Problem to solve
Don't include pictures. Quote the lines below from the first through the line that contains "ものづくりが終わった後は、各".

Dataset extract
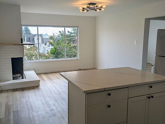 This light-filled, top-floor unit includes vinyl plank flooring throughout. The kitchen is equipped with quartz countertops, stainless steel appliances, and a garbage disposal. Please note that the fireplace is non-functional, and the burning of any materials is strictly prohibited. The back bedroom features a full-size closet with frosted glass sliding doors, while the front bedroom offers a small walk-in closet.The building provides an on-site washer and dryer for tenant use through the ShinePay app. The apartment is conveniently located near MUNI, various restaurants, coffee shops, and the Lincoln Park Golf Course.Additional Details:- Parking: One-car parking in a shared garage is included at no additional cost.- Utilities: Water and garbage services are paid by the owner; the tenant is responsible for PG&E.- Lease Term: A twelve (12) month minimum lease is required.- Security Deposit: A security deposit of $3,700 is due upon lease signing.- Application Process: Online rental screening is mandatory and paid for by all applicants intending to live in the unit.
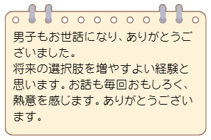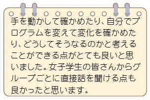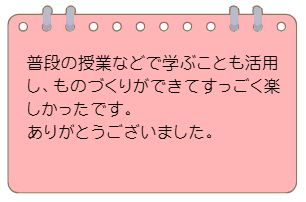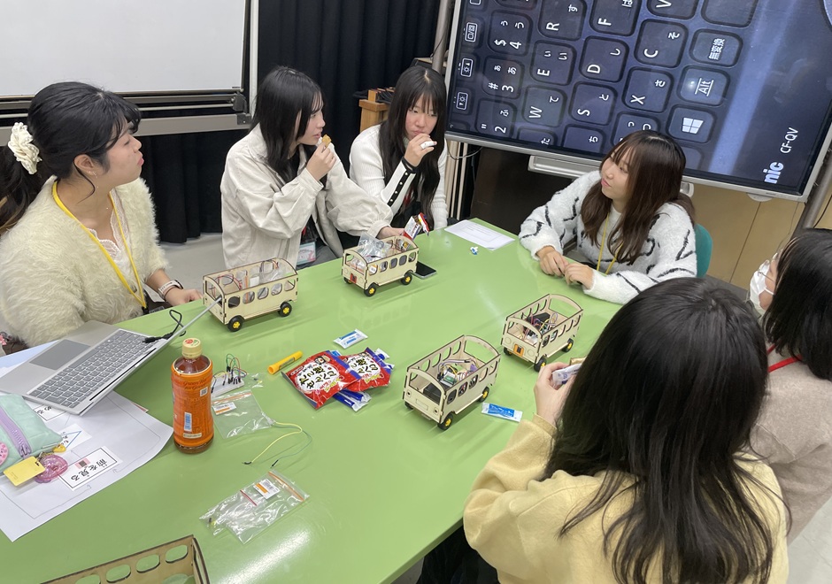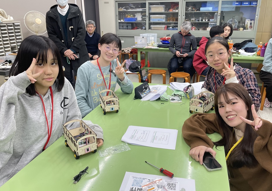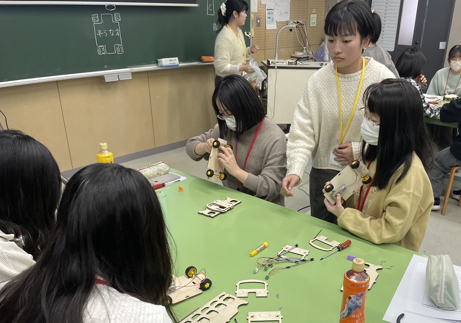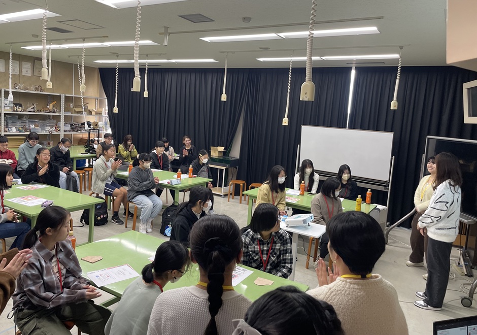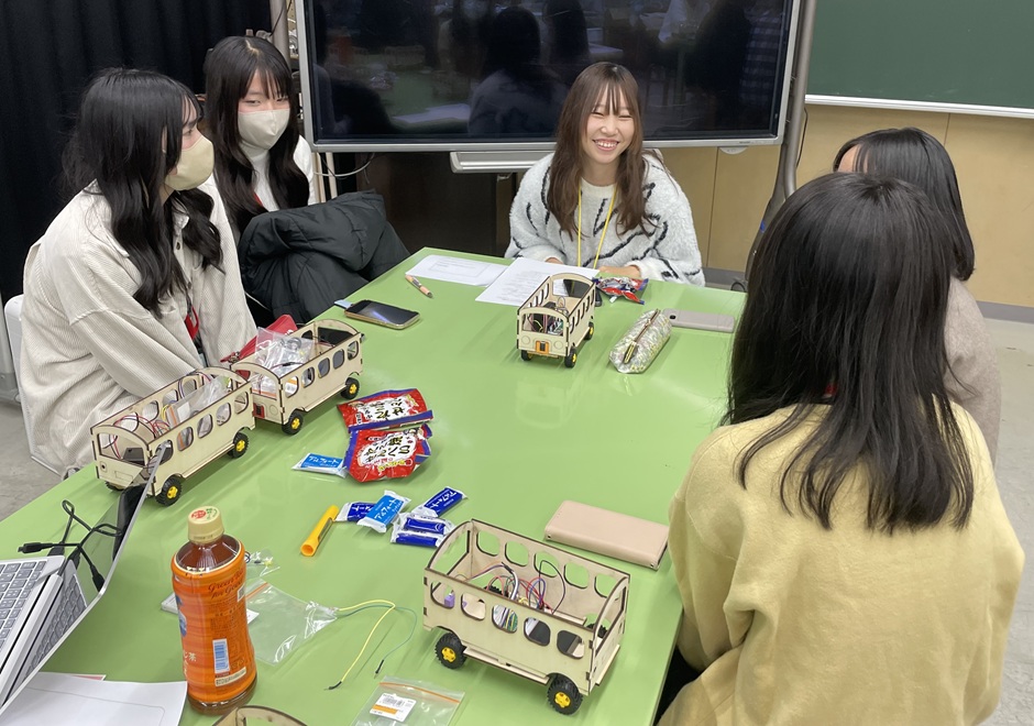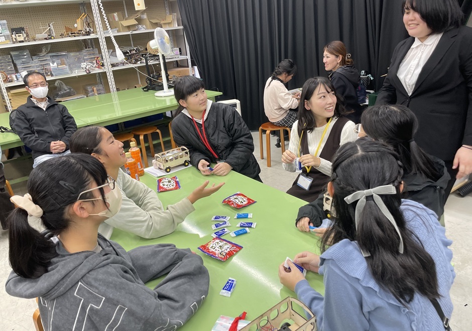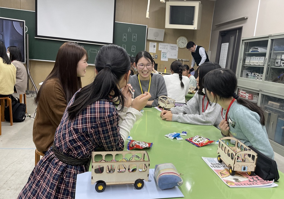 ものづくりが終わった後は、各テーブルごとにサポートを行った女子大学生や大学院生との交流の時間を設けました。会場では和やかな雰囲気の中で会話が弾み、学びと交流の両面で充実したセミナーとなりました。
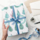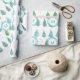 Dekorieren Sie Ihre Weihnachtsgeschenke mit diesem modernen gemusterten Weihnachtsbaumpapier. Die Einrichtung ist schlicht und in Grün- und Türkistönen gehalten. Passen Sie es mit Ihren Initialen oder der Ihrer Familie an. Original Wasserfarbe © Michele Davies.
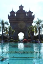 The next stop was the an arch in Vientiene, which was built to replicate the Arch de triomph, with a Thai flavour. Bruce, Lorraine, Colin and I climbed to the top and were amazed to see the market stalls set up inside.

Response to this task
 This light-filled, top-floor unit includes vinyl plank flooring throughout. The kitchen is equipped with quartz countertops, stainless steel appliances, and a garbage disposal. Please note that the fireplace is non-functional, and the burning of any materials is strictly prohibited. The back bedroom features a full-size closet with frosted glass sliding doors, while the front bedroom offers a small walk-in closet.The building provides an on-site washer and dryer for tenant use through the ShinePay app. The apartment is conveniently located near MUNI, various restaurants, coffee shops, and the Lincoln Park Golf Course.Additional Details:- Parking: One-car parking in a shared garage is included at no additional cost.- Utilities: Water and garbage services are paid by the owner; the tenant is responsible for PG&E.- Lease Term: A twelve (12) month minimum lease is required.- Security Deposit: A security deposit of $3,700 is due upon lease signing.- Application Process: Online rental screening is mandatory and paid for by all applicants intending to live in the unit.
 ものづくりが終わった後は、各テーブルごとにサポートを行った女子大学生や大学院生との交流の時間を設けました。会場では和やかな雰囲気の中で会話が弾み、学びと交流の両面で充実したセミナーとなりました。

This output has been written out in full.